Japan’s third-largest automaker has no plans now to ask the Federal Aviation Administration to certify the HondaJet for sale to the public, spokesman Yuzuru Matsuno said. The Tokyo company called Thursday’s flight in Oshkosh the first major showing of the plane to aviation enthusiasts and the news media.

Honda began tests of the plane, which carries as many as six people, in December 2003. The Aircraft Owners and Pilots Association’s AOPA Pilot magazine in its August issue calls the HondaJet “a refined prototype that could easily slip into certification and manufacturing.”

Flying the jet for the public “is pretty significant, but it’s hard to tell whether it means the company is serious about getting into the aviation business or just good marketing,” said Richard Aboulafia, an aerospace consultant at Teal Group, who previously advised Honda on the civil aviation market.

“They have Honda Racing and compete in F-1,” he said. “Honda Aviation would enhance the brand image even more.”

“Aviation has long been a dream for Honda, and the HondaJet is the embodiment of that dream,” Michimasa Fujino, the company’s lead aircraft engineer in the U.S., said yesterday. The jet is being demonstrated at the EAA AirVenture air show, a weeklong event that attracts 700,000 people, Matsuno said.

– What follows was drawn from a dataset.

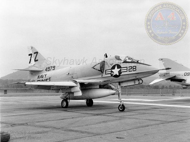 Webmaster note: Prior to 1970, reserve aircraft belonged to the local NARTU or Reserve Naval Air Station. Except for those squadrons on active duty, as in Korea, no reserve squadron "owned" their aircraft, as they were assigned to the NARTU/Station. In 1970, during that reorganization of the reserves into the "Reserve Force" concept, each new squadron was made independent of NARTU (later called NAR), and assigned either to CVWR-20 or CVWR-30. All squadrons were then made in the image of active duty units, with the reserve unit Commanding Officer owning the aircraft and reporting to the CAG. Formation of A-4B Weymouth aircraft. Gary Verver Collection. MAY65: A-4A 139933 from NARTD, NAS South Weymouth, MA, at takoff after visiting NAS Willow Grove, PA, in May of 1965. Photo by Ron Picciani. JUL66: NAS South Weymouth -- A-4B 7Z-30 BuNo 144878 with a "Huffer" pod. Gary Verver Collection. JUL66: BuNo.144907, A-4B 7Z-20 NAS South Weymouth. Gary Verver Collection. JUL66: BuNo.144907, A-4B 7Z-20 NAS South Weymouth. Over the Golden Gate. Gary Verver Collection. JUL66:NAS So. Weymouth -- A-4B 7Z-26 BuNo 144889. Gary Verver Collection. BuNo 142948 and A-4B 7Z-28 BuNo 142726. JUL66: NAS So. Weymouth -- A-4B 7Z-27 BuNo.144891. Gary Verver Collection. JUL66: NAS So. Weymouth -- A-4B 7Z-27 BuNo.144891. Gary Verver Collection. NAS So. Weymouth Skyhawk Line. Left to right A-4B 7Z-28 BuNo 142726, A-4B 7Z-20 144907, A-4B 7Z-26 144889, can't read the rest of them. Gary Verver Collection. BuNo.144907, NAS So. Weymouth -- A-4B 7Z-20. Gary Verver Collection. Unidentified A-4B out of NAS South Weymouth. A-4B 7Z-29 being refueled. Gary Verver Collection. 29SEP70: NARF So. Weymouth Skyhawk BuNo 144979, 7Z-28, parked on the flight-line next to F-4B Phantom BuNo 150996. R.W. Harrison. Off-Duty Photos No info yet. |

The HondaJet cruises 10 percent faster, has a cabin that is 30 percent larger, and has a range that is about 40 percent greater on 14 percent less thrust than Textron’s Cessna CJI+, according to AOPA Pilot. The magazine interviewed Fujino.

The plane can cruise at 420 knots at 30,000 feet, and can fly as high as 41,000 feet, according to AOPA Pilot. It has aluminum wings, a fuselage made of composite plastics, and two Honda HF118 turbofan jet engines, mounted above its wings.

Honda formed a joint venture in October with General Electric, called GE Honda Aero Engines, to market the engines used on the HondaJet. The venture, GE Honda Aero Engines, is based in Cincinnati.

The U.S. market for jets that carry four to eight passengers may rise to 200 by 2010 and to 400 by 2015, the companies said when they announced the venture.

The engines for these jets sell for about $300,000 each. The so-called very light jet aircraft are being developed to carry travelers to airports not served by larger commercial planes.

For small jets, competitors such as Textron’s Cessna dominate the market, Aboulafia said. Because of that, Honda, if it decides to build the jet for sale, may have to invest in an owner/operator network, such as an air-taxi service, he said.